The following descriptions and definitions of terms relevant to palliative care, advance care planning and bereavement have been compiled from the Strengthened Aged Care Standards and the Aged Care Quality and Safety Commission’s Glossary of terms in the Guidance for the Strengthened Aged Care Standards. They provide the context for the meaning of these terms within the aged care sector.

Advance care planning

The voluntary process of planning for future health and personal care needs. It provides a way for an older person to make their beliefs, values and preferences for future medical care known to inform future medical decisions, if the older person cannot make or communicate these decisions themselves. Advance care planning is not a single event but an ongoing process and conversation that should be undertaken early and revisited regularly. [1]

Advance care planning documents

A catch-all term to include documents that result from advance care planning. It includes Advance Care Directives and advance care plans.

An Advance Care Directive is a document completed and signed by a competent older person who still has decision- making capacity regarding their future care and preferences for end-of-life care. In Australia, advance care directives are recognised by specific legislation or common law. Advance care directives can record the person’s preferences for future care and/or appoint a substitute decision-maker to make decisions about the person’s health care.

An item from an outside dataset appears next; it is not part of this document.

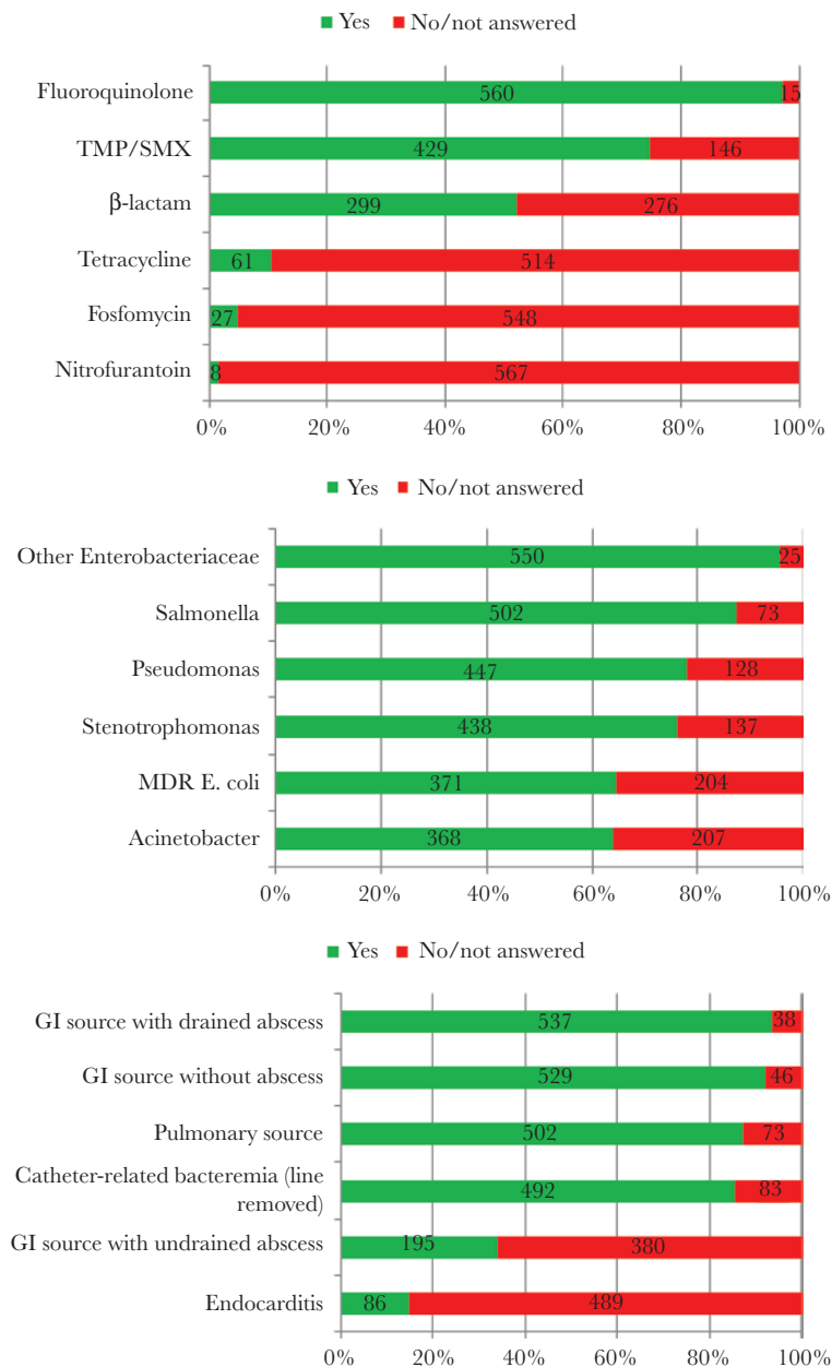
Figure 1. Patient vignette of a 36-year-old woman who presented with symptoms of acute pyelonephritis, who responded to initial intravenous antibiotics, and had Escherichia coli recovered in both blood and urine cultures, susceptible to all listed agents; N = 575. (A) Which of the listed oral agents would respondents feel comfortable transitioning to. (B) Would respondents be willing to use an oral antibiotic if the organism was not an E. coli , but rather ____? (C) Would respondents feel comfortable using an oral agent given the following sources of the Gram-negative bacteremia? MDR, multidrug-resistant; TMP/SMX, trimethoprim/sulfamethoxazole.

Gram-positive bacteremia exists. Agreement on transition to oral therapy in Gram-positive bacteremia appears most consistent in pneumonia (with bacteremia) caused by S pneumoniae . Based on small retrospective studies and a single randomized controlled trial, clinical practice guidelines for community-acquired pneumonia currently suggest that a “patient should be switched from intravenous to oral therapy when they are hemodynamically stable and improving clinically” [12–14]. In a recent study, a randomized clinical trial supporting transition to oral antibiotics in endocarditis was published. This study of
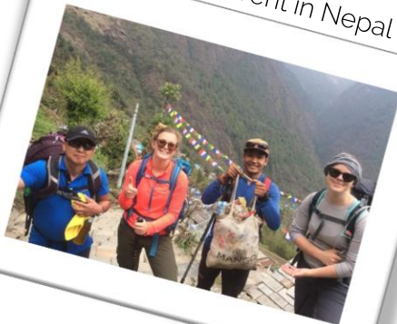
Clean-up Event in Nepal

An advance care plan captures what is known about a person’s beliefs, values and preferences in relation to future care decisions, but it does not meet the requirements for statutory or common law recognition as a result of the person’s insufficient capacity. The document may provide helpful information to guide substitute decision-makers and health professionals but is not legally binding. (Advance Care Planning Australia, Advance Care Planning: Aged care implementation guide). [1]

Advocate

An advocate is an impartial person who can support older people in a variety of situations – from understanding aged care services or fees through to understanding their rights and managing their aged care. The Australian Government offers free, independent, and confidential support through the National Aged Care Advocacy Program (NACAP). The program is delivered by the Older Persons Advocacy Network (OPAN). [1]

Anticipatory medicines

Medicines prescribed and dispensed in preparation for a time when a person needs them. They are used to manage symptoms in the home with the goals of rapid relief and avoiding unplanned or unwarranted admission to a healthcare facility. [1,2]

Bereavement support

Bereavement support includes the emotional, psychosocial and spiritual support provided to families and loved ones before and after the death of a person. It is designed to help people cope with grief, loss and adjustment. Bereavement support may look different in different communities, depending on the lived experiences and cultural backgrounds of those involved (ACSQHC, Essential elements for safe and high-quality end-of-life care: National Consensus Statement). [2]

Carer

A partner, family member or friend who provides unpaid care, support and help to an older person. A carer may also be an older person. This does not include employees of the provider, or people the provider contracts or pays to provide care and services, or people who help as a volunteer. This definition is in line with the Carer Recognition Act 2010. [1,2]

Clinical care

Health care that encompasses the prevention, treatment and management of illness or injury, as well as the maintenance of psychosocial, mental and physical wellbeing. It includes care provided by doctors, nurses, pharmacists, allied health professionals and other regulated health professionals. Organisations providing clinical care are expected to make sure it is best practice, meets the older person’s needs, and optimises the older person’s health and wellbeing. [1,2]

Clinical governance

An integrated set of leadership behaviours, policies, procedures, responsibilities, relationships, planning, monitoring and improvement mechanisms that are implemented to support safe, quality clinical care and good clinical outcomes for each older person. The purpose of clinical governance in aged care is to support the workforce and visiting health professionals in a service to provide safe, quality clinical care as part of a holistic approach to aged care that is based on the needs, goals and preferences of the older person (Aged Care Quality and Safety Commission (ACQSC), Glossary). [1,2]

Comprehensive care

Comprehensive care involves teams of health professionals working together and communicating effectively to plan, manage and coordinate care with the older person, their family and carers. It requires providers to have systems and processes in place to support this, and to foster a collaborative and person-centred culture. (NSQHS). [1.2]

Coordinated care

Health and aged care systems can be difficult to navigate, especially for people with multiple conditions or complex, long-term health care needs. Coordinating care so that relevant information is transferred between providers (for example, a GP and a specialist) and settings (for example, emergency department and residential aged care) is crucial if an older person is to receive consistent, cohesive care. The goal of coordinated care is to ensure that all providers and organisations involved in an older person’s care have the information they need to provide the right type of care, at the right time. This is achieved through establishing cooperative, ongoing relationships between an older person, aged care services, their family, carer and substitute decision maker and their health care providers. (AIHW). [2]

Culturally safe care

Culturally safe care and services are planned and delivered in a way that is spiritually, socially, emotionally and physically safe and respectful for older people. Culturally safe care and services ensure that an older person’s identity is respected so that who they are and what they need is not questioned or denied. Whether care and services are ‘culturally safe’ can only be determined by those receiving care. For Aboriginal and Torres Strait Islander peoples, culturally safe practice is the ongoing critical reflection on provider knowledge, skills, attitudes, practicing behaviours and power differentials in delivering safe, accessible and responsive care and services free of racism. [1,2]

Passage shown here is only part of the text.